The child peeking around her legs was probably around two years old. The girl’s wispy blonde hair was greasy and her face was smeared with something yellow. The strong smell of a soiled diaper wafted off of the girl and I wrinkled my nose for an instant.
The woman was high. No doubt about it. I kept the sympathy that I felt for the child at bay. I had been on a lot of domestic violence calls in Indy, and there was almost always a rag-tag child like this one hanging onto her mamma’s leg. Social services were overrun with these kinds of cases. They could hardly keep up with the number of kids in the system, and sometimes foster care was even worse than the circumstances that the kids were already living in.

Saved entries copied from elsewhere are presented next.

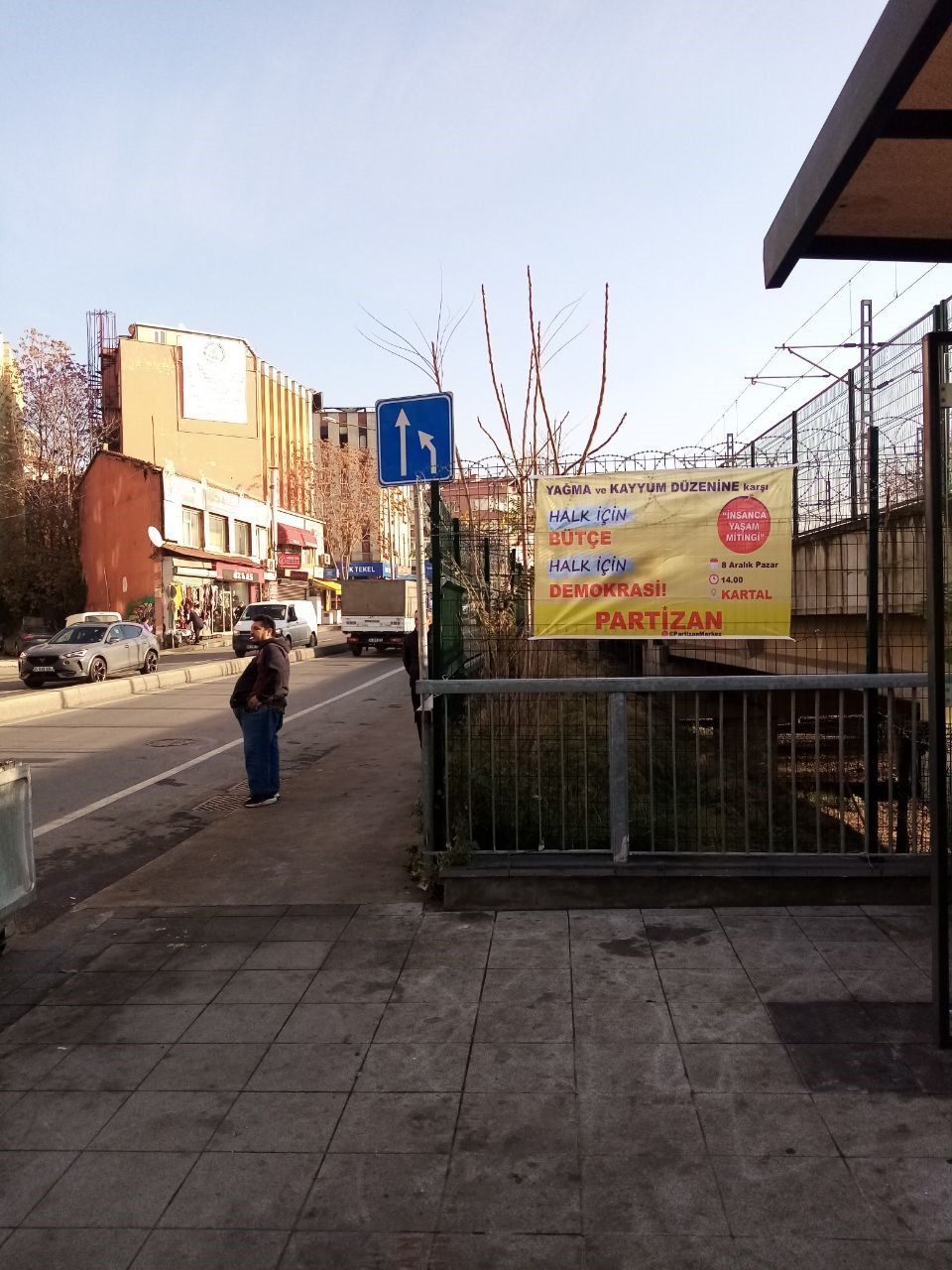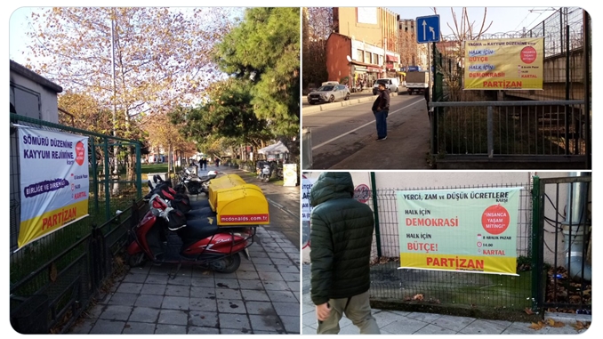 Partizan X Hesabı’ndan yaptığı paylaşımda; “Sömürü Düzenine Kayyum Rejimine Karşı Halk İçin Bütçe Halk İçin Demokrasi! 8 Aralık’ta Kartal’da, düşük ücretlere, vergi soygununa, kayyum uygulamalarına ve savaş politikalarına hayır demek için bir araya geliyoruz!”  ifadelerini kullanarak, “ Yağma Ve Kayyum Düzenine Karşı Birliğe ve Direnişe” ve “Vergi, Zam ve Düşük Ücretlere Karşı Halk İçin Bütçe Halk İçin Demokrasi” pankartları astığını duyurdu.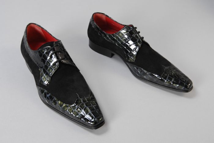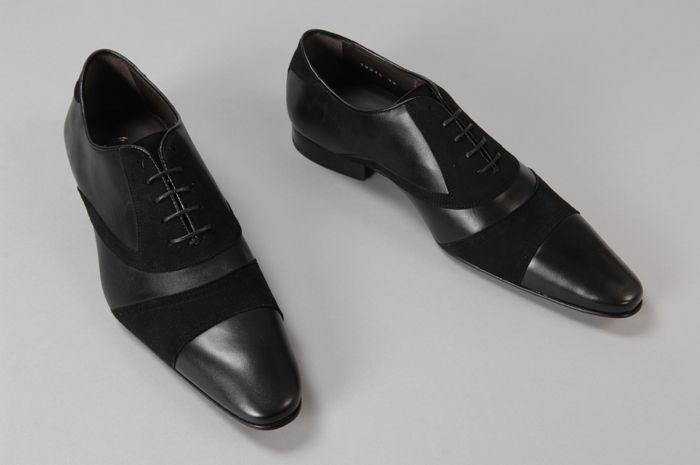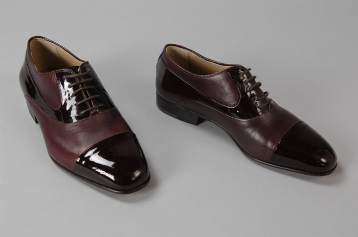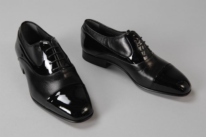 Paar herenschoenen van zwart leer met zwarte lakneus...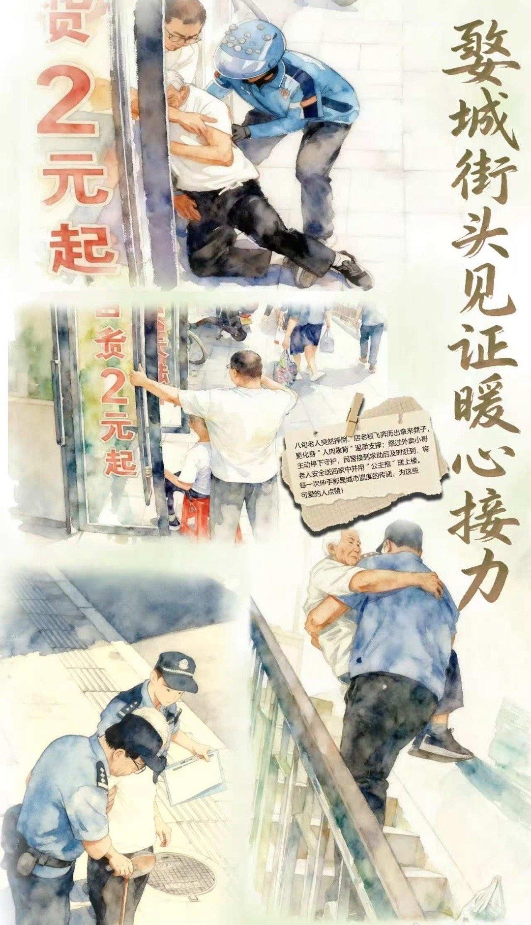 八旬老人不慎摔倒,店老板和外卖小哥第一时间伸出援手。一个扶起,一个当“人肉靠背”温暖支撑。民警火速赶到,用“公主抱”将老人平安送回家。这场爱心接力,完美诠释了金华的温度!

I put on my stony, cop face and said, “I would like to talk to Asher.”
“He’s not here.” She began to slam the door, but my hand was quicker. With a thump, I braced the door open. I saw the heroin tracks on her arm.
“I don’t believe you. And if there is even an ounce of you that wants to do the best thing for your daughter, you’ll leave that man. You need help and I can get it for you—if you’ll just go get Asher for me,” I tried to convince her.
“I don’t need your help, bitch!” the woman shouted.
The scurrying sound in the snow by the carport got my attention. Daniel bolted up and I released the door, letting it slam shut. The cat hissed, and like a flash of smoke, it was gone just as the dogs rounded the corner. My mind only had a split second to register that they
were
Pits. The brindle one hit us first, snapping its jaws around Daniel’s leg.
The acidy taste of bile rose in my throat as I freed my gun in one smooth, fluid motion, and fired at the black dog that was a just few strides behind the first. The disgust of having to shoot a dog flowed through me, and an almost blind rage toward Asher followed next.
The black dog rolled into the snow and was dead by the time its momentum stopped. A gush of dark red spread onto the snow beside it. Between the shot blast and Daniel striking its head with his fists, the brindle let go of Daniel’s leg and backed off the porch, barking at us.
Under the circumstances, I would have been within my rights to shoot that dog as well, but as long as it was holding its position, I decided to take my chances and leave it alone.
“Get in the car, Daniel, and call 911,” I ordered.
“What about you?” Daniel demanded. He clutched his bitten leg, trying to slow the bleeding, but his hands were already covered with blood. Fear was now flashing in his wide eyes.
“Right behind you,” I lied.
As Daniel limped across the yard, I kept an eye on the dog that hadn’t moved, but was still barking up a storm, and ran to the carport. I was sure that Asher was running out the back door, and was ready for pursuit on foot, when another gunshot blast split the air.
Twisting, I saw Daniel go down beside my car and I stopped breathing altogether.